Further details about the intervention, including resources for health professionals wishing to conduct similar programs, are provided at the study website:


The primary outcomes were time in sedentary, light, moderate and vigorous activity and serves of fruit, vegetables and ‘junk food’ [21].


Adolescents were instructed to wear Actical monitors (Respironics; Bend, Oregon, USA) on an elastic band on their right hip for all waking hours for 7 days except for during water-related activities. Data were collected in 15-second epochs. Diary information and visual inspection of the data were used to determine individual daily wear-time. Periods where participants attended CAFAP sessions or assessments were excluded from the data. Accelerometry data were processed using a customised LabView V7 (National Instruments, Austin, TX, USA) program to determine daily minutes of sedentary, light, moderate and vigorous physical activity using intensity cut-points for children [27]. Participants were included in the primary analysis at each assessment period if they had at least three days of at least 8 hours of wear-time [28].

Food Intake.

Dietary intake was assessed using a 3-day food record including one weekend day. Adolescents were trained in completing the record and estimating portion size using household measures. The completed food record was reviewed by the research dietitian and details were clarified with the adolescent.
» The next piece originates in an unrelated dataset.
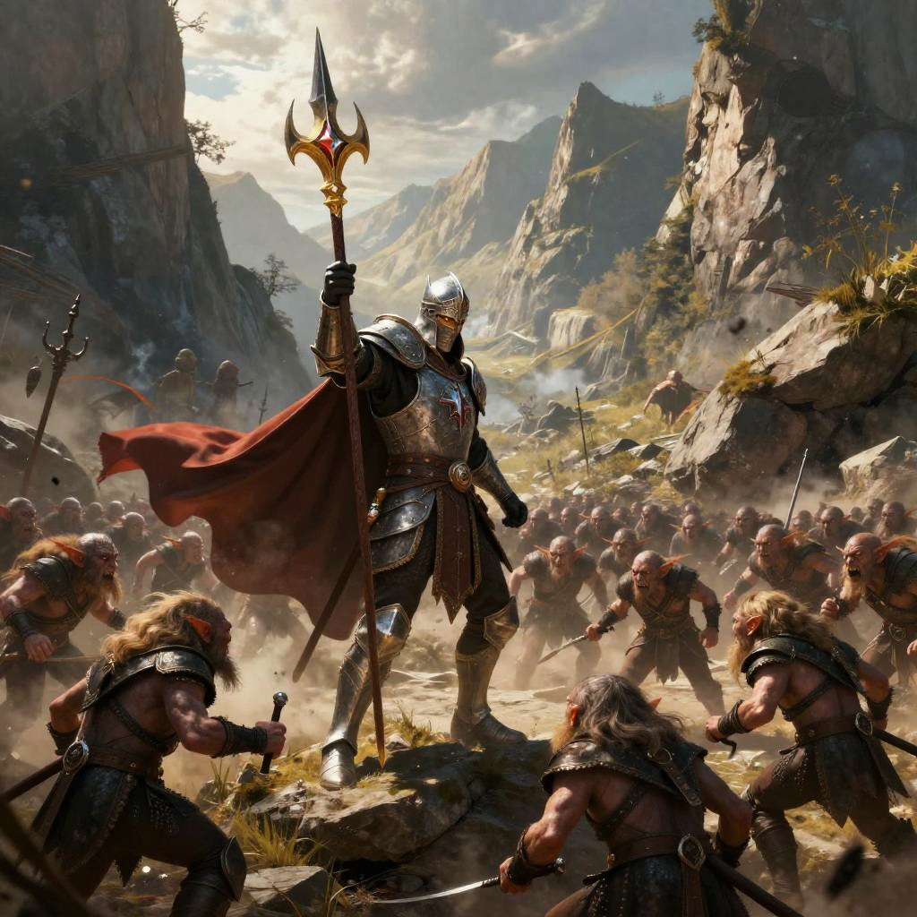 Heroic Warrior in Red Cloak
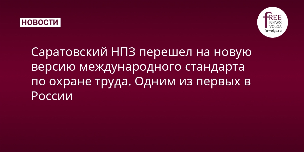 1. Саратовский НПЗ перешел на новую версию международного стандарта по охране труда. Одним из первых в России  fn-volga.ru

The records were analysed for the number of serves of fruits and vegetables, determined according to the Australian Guide to Healthy Eating serve sizes [29], and junk food according to published criteria [29],[30]. Serves of fruit (150 g fresh fruit and 30 g dried fruit) were calculated excluding fruit juice, given the difficulty in identifying juice that had been sweetened and the propensity to consume excessive amounts of juice. Vegetables (75 g) included all vegetables other than fried potato, which were included in the junk food serves. The term ‘junk food’ was used to describe foods that are considered energy-dense, nutrient-poor foods [29],[30] and do not belong to the core food groups. To account for the typically high prevalence of underreporting in self-reported food intake [31], underreporting ratios were calculated. Total energy expenditure was estimated from resting energy expenditure calculations [32], and activity energy expenditure from individual participant accelerometer data [33]. When accelerometer data was missing, energy activity energy expenditure was calculated for a sedentary individual [33]. A ratio of reported energy intake from diaries and total energy expenditure (rEI:TEE) was calculated and included as a continuous variable in the analyses [34],[35].

Other Measures.

Participants completed surveys of basic demographic information and anthropometric measurements were taken at each assessment at the community facility where the program was delivered. Weight and height were measured and used to calculate age and sex adjusted BMI z-scores [36]. Staff assessing outcomes were not blind to the participant's intervention stage, but did not have access to participant prior scores. Participants were not able to be blinded to the intervention. Data on adolescent fitness, food behaviours, perceived parent need-supportive behaviours, autonomous motivation, mental health and quality of life; parent mental health, autonomous motivation to support adolescents, demonstration of need-supportive behaviours, and family functioning; adolescent and parent perceptions of facilitator support; program fidelity; and adolescent, parent and facilitator perceptions of the program were collected and are being reported in detail elsewhere.

Statistical Analyses

Data were visually inspected for potential outliers. Outliers were checked for data entry errors and corrected where applicable, and biologically implausible values were removed. Data were screened for normality using histograms and multiple measures of location.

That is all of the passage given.